The Senate intelligence committee is expected to vote Wednesday to recommend that the full Senate confirm her.
Judge: Special counsel had authority to prosecute Manafort
WASHINGTON — A federal judge in Washington ruled Tuesday that special counsel Robert Mueller was working within his authority when he brought charges against President Donald Trump’s former campaign chairman.
The decision was a setback for Paul Manafort in his defense against charges of money-laundering conspiracy, false statements and acting as an unregistered foreign agent. Manafort had argued that Mueller had exceeded his authority because the case was unrelated to Russian election interference.
But U.S. District Judge Amy Berman Jackson disagreed, siding with prosecutors who had produced an August 2017 memo from Deputy Attorney General Rod Rosenstein. The memo shows Rosenstein authorized Mueller to investigate Manafort’s Ukrainian work and related financial crimes.
Jackson had previously thrown out a civil case Manafort brought challenging Mueller’s authority.
Peter Carr, a spokesman for the special counsel’s office, declined to comment.
Will he or won’t he? Presence of Markle’s father in doubt
LONDON — Thomas Markle spent a career in Hollywood, but nothing prepared him for this.

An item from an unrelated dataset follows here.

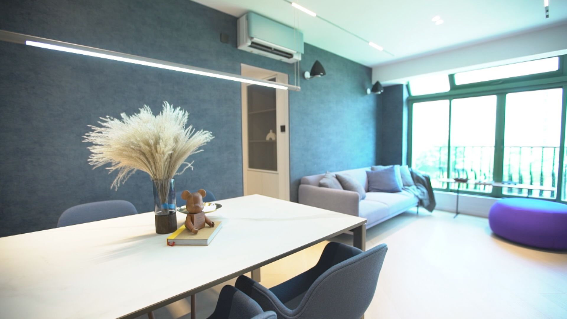 【Now財經台】身為設計師的屋主著重設計多於實用性,全屋以清新灰藍色做主調,傢俬選用較大膽設計,弧形配搭金屬材質,打營獨一無二家居風格。

The father of royal bride-to-be Meghan Markle has been quoted as saying he will not attend his daughter’s wedding to Prince Harry this week after suffering a reported heart attack amid the intense media interest around the nuptials.
The retired television cinematographer was expected due to walk his actress daughter down the aisle Saturday at Windsor Castle’s St. George’s Chapel. But celebrity news website TMZ reported Tuesday that Markle would undergo heart surgery and miss the wedding, the latest story in the site’s fluid coverage of whether he would or would not make it.
Kensington Palace on Monday issued a statement calling for “understanding and respect to be extended to Mr. Markle in this difficult situation.” The palace did not say whether wedding plans had actually changed.
The palace issued the statement hours after TMZ first reported Monday that the elder Markle decided to stay away from the event. The website said his decision was due to tongue-clucking over the mocked up wedding-preparation photographs he posed for at the invitation of a paparazzi agency.